Так что, думала Рита, у ее отца есть все основания считать, что без него Игорь Байрамов никогда не стал бы тем, кем стал. Он вложил в него столько душевных и физических сил, сколько не доставалось ни одному из его воспитанников, а Игоря никто не назвал бы неблагодарным. Почему же горячая любовь переросла в жгучую ненависть?
На следующий день Рита не пошла в театр: ведя дела отца по новому проекту, как юрист и переводчик, она старалась пореже наведываться в его вотчину, так как ее нервы с трудом выдерживали царившую там обстановку. Труппа боялась Синявского как огня. С замиранием сердца танцовщики следили за выражением его лица, пытаясь предугадать, кому достанется на этот раз. Он был «безжалостен до жестокости и талантлив до гениальности», как охарактеризовала его в каком-то интервью одна из бывших коллег, прима Мариинки Ксения Егорова. Она вспоминала, как, будучи его ученицей, стояла вместе с другими девочками, опустив глаза от страха и стараясь слиться с окружающей средой, только бы цепкий взгляд балетмейстера не нащупал в ней слабину. Он любил прицепиться к кому-нибудь со словами типа:
– Я подумываю о том, чтобы перенести действие «Лебединого озера» куда-нибудь в Центральную Африку, тогда «Танец маленьких лебедей» можно с чистой совестью переименовать в «Пляску маленьких гиппопотамов». С каких это харчей, мадам, вы так разъелись, что партнер не в состоянии вас поднять? Может, вам стоит подумать о драме, где вес не имеет значения? Офелию вам не играть, но вот на роль няньки Джульетты – прямо хоть сейчас. Уж не беременны ли вы часом, дорогуша?
И так далее, и тому подобное. Говорил он все это хрупким девушкам весом в сорок килограммов, доводя их до истерики. Они сидели на строгих диетах, падали в голодные обмороки, репетировали до изнеможения, но на сцене выглядели обворожительно!

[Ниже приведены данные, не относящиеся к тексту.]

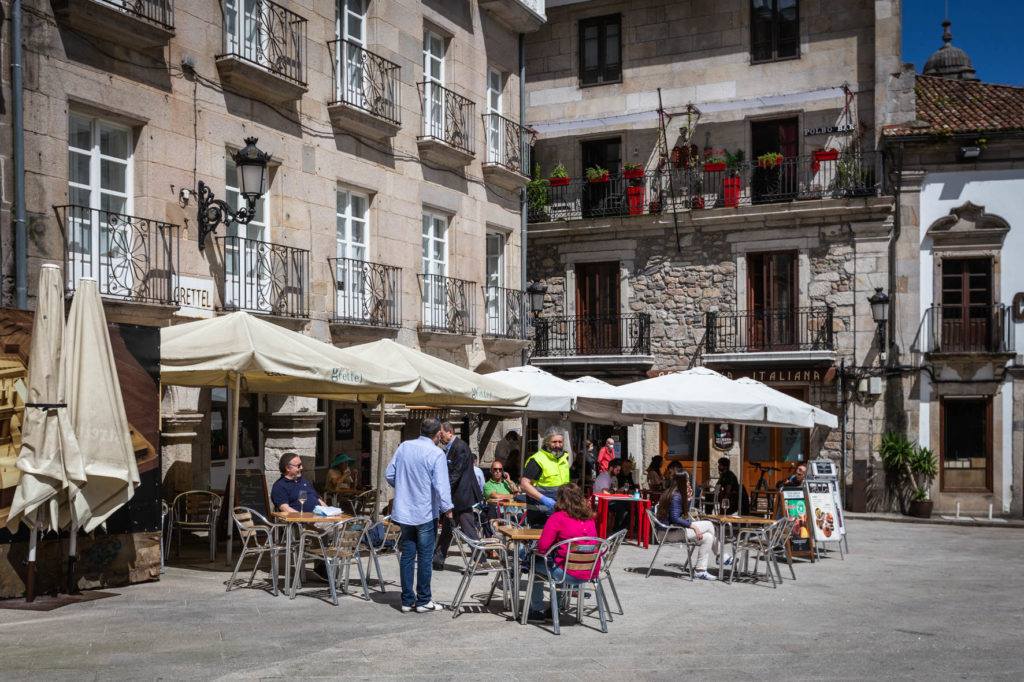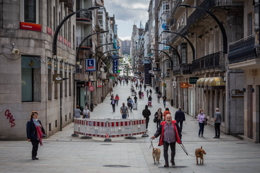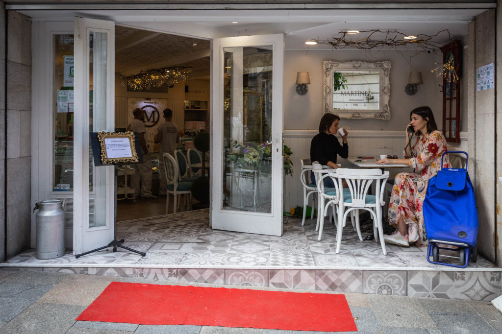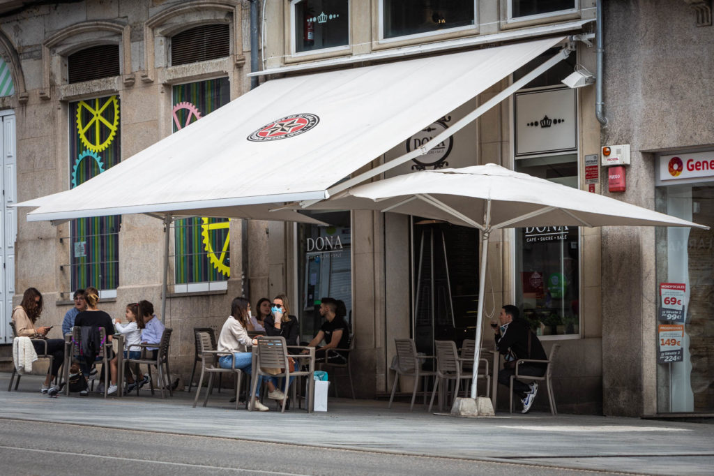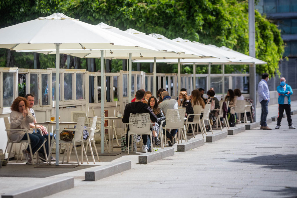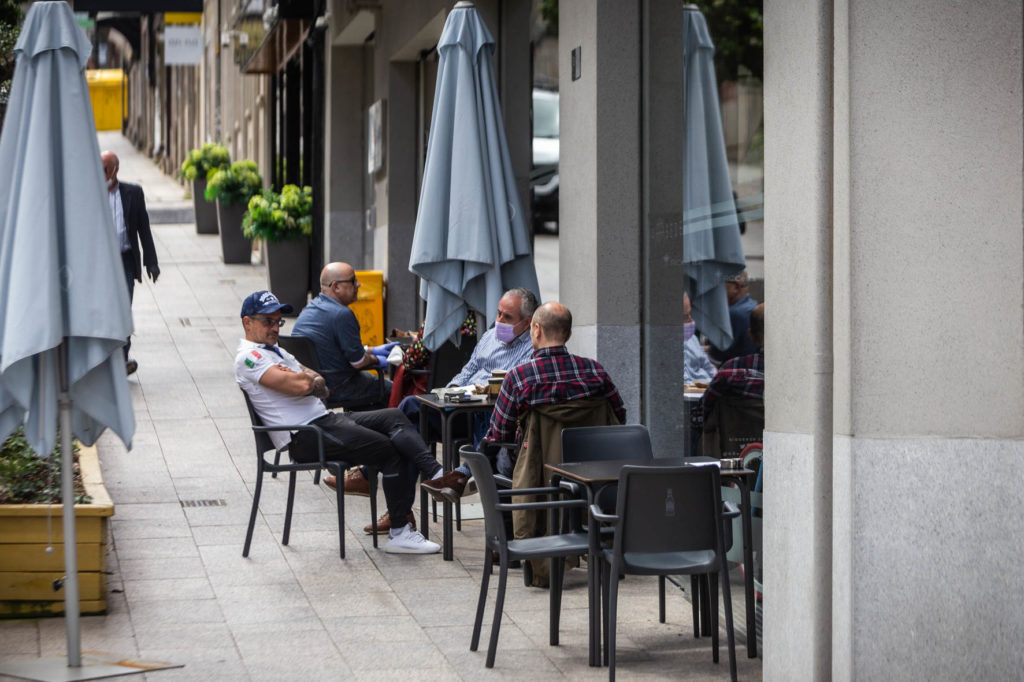 Aunque fuese con el freno puesto, el regreso del pequeño comercio y muchas otras actividades permitió que el centro de la ciudad cobrara vida. Al menos, más vida que en las semanas pasadas. Precisamente muchos de los usuarios de estas terrazas eran trabajadores que aprovechaban para tomarse un café o un descanso.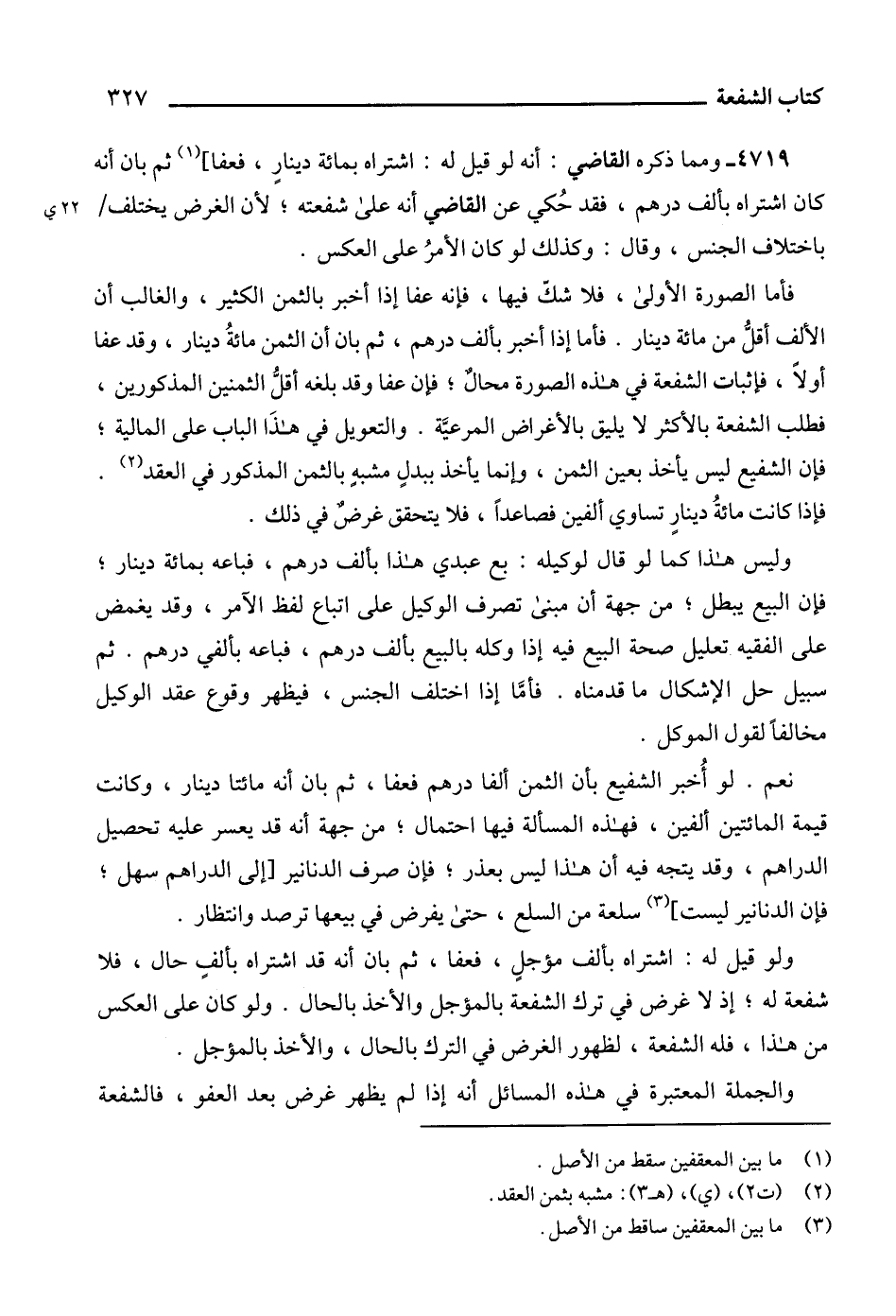 فأما الصورة الأولى، فلا شكّ فيها، فإنه عفا إذا أخبر بالثمن الكثير، والغالب أن الألف أقلُّ من مائة دينار. فأما إذا أخبر بألف درهم، ثم بان أن الثمن مائةُ دينار، وقد عفا أولاً، فإثبات الشفعة في هذه الصورة محالٌ؛ فإن عفا وقد بلغه أقلُّ الثمنين المذكورين، فطلب الشفعة بالأكثر لا يليق بالأغراض المرعيَّة. والتعويل في هذَا الباب على المالية؛ فإن الشفيع ليس يأخذ بعين الثمن، وإنما يأخذ ببدلٍ مشبهٍ بالثمن المذكور في العقد (2).

Однако вечером Рита испытала шок: придя домой, отец, сияя, вручил матери букет белых роз и поставил на стол бутылку «Мерло». Приобняв дочь за талию, он поинтересовался, чем она весь день занималась, лишив ее дара речи. Наталья Ильинична, не менее Риты удивленная подобной сменой настроения, поинтересовалась, что такого произошло, что привело ее мужа в столь прекрасное расположение духа.
– У нас есть Ланселот! – с торжествующей улыбкой ответил Григорий Сергеевич. – Байрамов согласился!
Неужто Мите и в самом деле удалось уломать Игоря?! На следующий день, едва дождавшись обеденного часа, Рита стремглав бросилась в театр. Она попала в перерыв, устроилась в темном зале. Глядела на сцену, где в расслабленных позах сидели или стояли члены труппы. Байрамов расположился с краешка, скрестив ноги по-турецки, а Жаклин Серве растирала ему плечи. Еще два дня назад они даже не были знакомы! Судя по выражению лица Игоря, он пребывал в нирване и не заметил прибытия Риты. Зато заметил Митя. Он подошел и подмигнул, плюхаясь рядом на сиденье.
– Как тебе удалось? – только и смогла спросить она.
Парень загадочно покачал головой.
– Еще один мой талант! – рассмеялся он. – Когда выйду в тираж, займусь дипломатией. Но, – заметил он уже без улыбки, – надо сказать, пришлось нелегко. К счастью, у Игоря при наличии множества недостатков есть совесть, и я к ней воззвал.
Рита посмотрела в веселые голубые глаза Мити. Они так непохожи с Байрамовым, но считаются друзьями. Митя – неконфликтный, милый, добродушный, его в труппе любят. Даже его внешность – светлые волосы, мягкие линии лица – говорит о хорошем характере, который трудно сохранить в балетной среде. Когда Синявский со скандалом ушел из Мариинки, именно Митя первым последовал за ним. Он пожертвовал состоявшейся карьерой, чтобы с нуля начать со своим учителем. Не проиграл, но ведь он здорово рисковал!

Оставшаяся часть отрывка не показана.